There is a little potential for some confusion here too, because of the way PS can be named.

The mains input to the PS is always AC, hence some firms might call the whole range of types "AC Adaptors" including those that give a DC output. Some firms will use the term only for those that give an AC output.

Your device will be requiring a relatively low DC or AC voltage, it's important you know which. Mostly they require a PS with a DC output, but AC does occur too. Getting it wrong can destroy your device

 

Output Voltage (V)

Given in Volts (V), this needs to match as closely as possible what your device specifies. You may find a volt or two either way works too. If a little low, the device may not function correctly, but if it does, I would be happy with that.

If on the high side, it is likely that a little more heat will be produced in the device. This isn't usually a problem , but if the device hasn't been conservatively designed in that regard, it could be. So keep an eye on that if trying it out, and if it seems ok, try it over some hours too (supervised).

Aside from the heating risks, voltages more than a few volts high could destroy your device, quite possibly without any signs of heating beforehand.

 

Output Current (A, mA)

Given in Amps (A) or milli-Amps (mA). 1 Amp = 1000mA. mA is often used for currents around 1 Amp and below.

This needs to be rated higher than what your device requires.

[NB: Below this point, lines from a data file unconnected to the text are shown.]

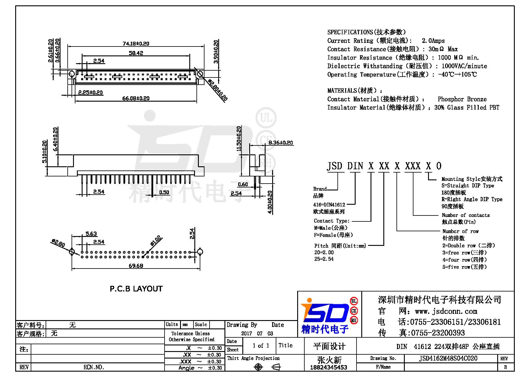 DIN 41612 Connectors Male Pitch:2.54mm 48 PIN |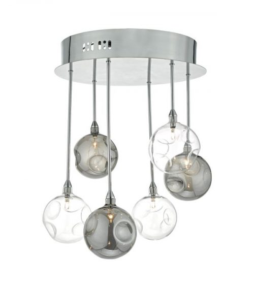 Quinn 6lt Smoked & Clear Glass Semi Flush Cluster Pendant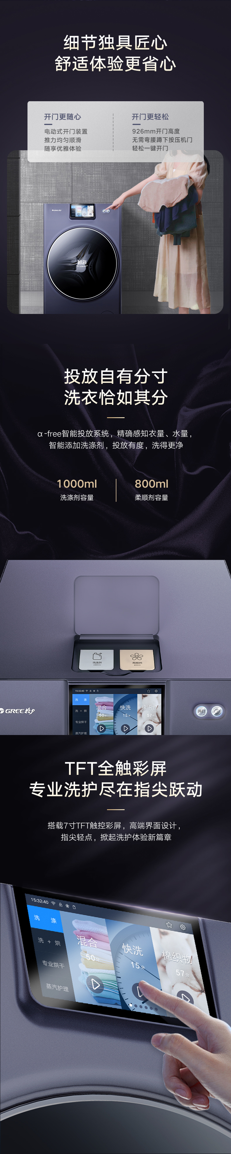 37℃低溫柔烘不傷衣;全域超微蒸汽洗2.0;ICleaner全域智清潔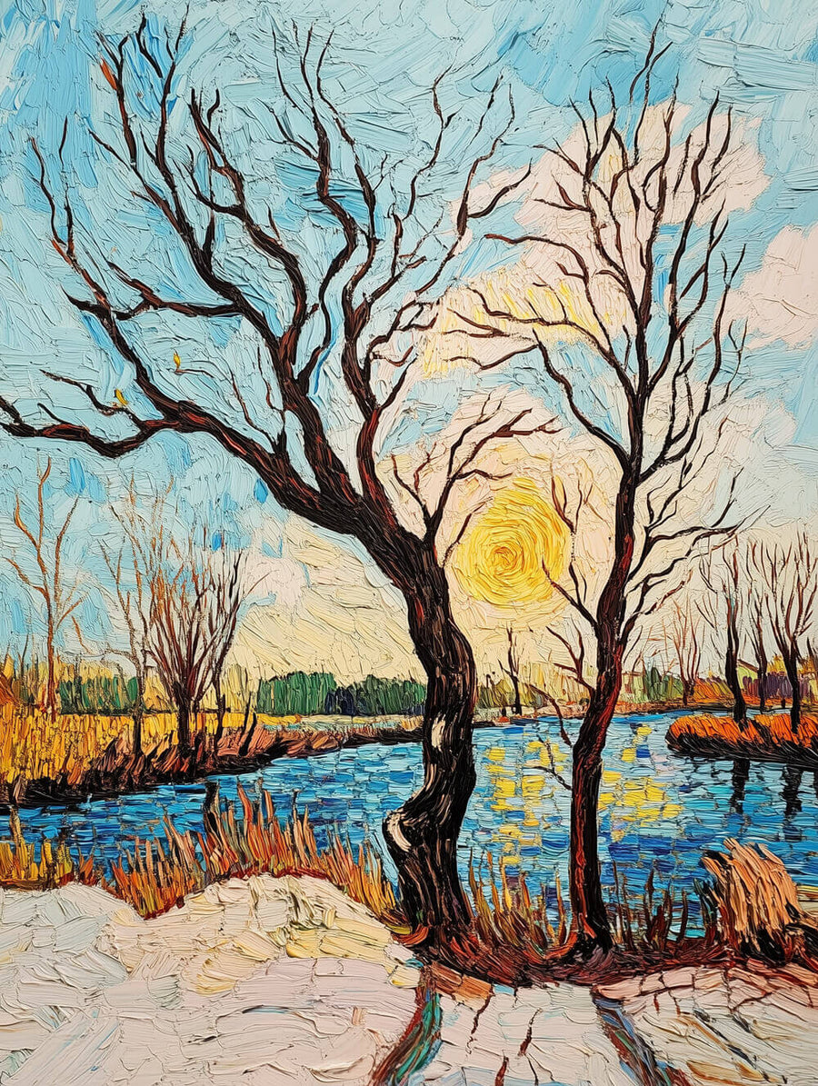 Leafless Trees Line Quiet River Cross Stitch Kits

The current rating on a PS is what it could supply at maximum. The device will just draw what it needs. It's better that it isn't running your PS too near maximum for long periods though as the PS will probably heat up.

As a rule of thumb I'll go for a supply that is 1.2 - 1.5 times what the device needs

So if my device needed 800ma (0.8A), I would be looking for a PS with 1 - 1.2A (1000 - 1200mA).

 

Polarity

This is only a question with DC.

Getting this wrong is the prime cause of device destruction.

It isn't hard to get it right, once you know about these :

Positive Centre
Positive
Centre
The symbols Positive Centre
Negative
Centre

 

Apart from sometimes being almost illegibly moulded into plastic, symbols can vary a bit in design and orientation. It's important therefore, to look for how the + & - are connected to the centre and outer.

They are both used regularly, so don't try and guess. Look for them on your device and the PS, they must be the same.

General purpose PS often come with sets of interchangeable plugs, and an ability to swap the polarity with a plug and socket or a switch. Look for the symbol there too.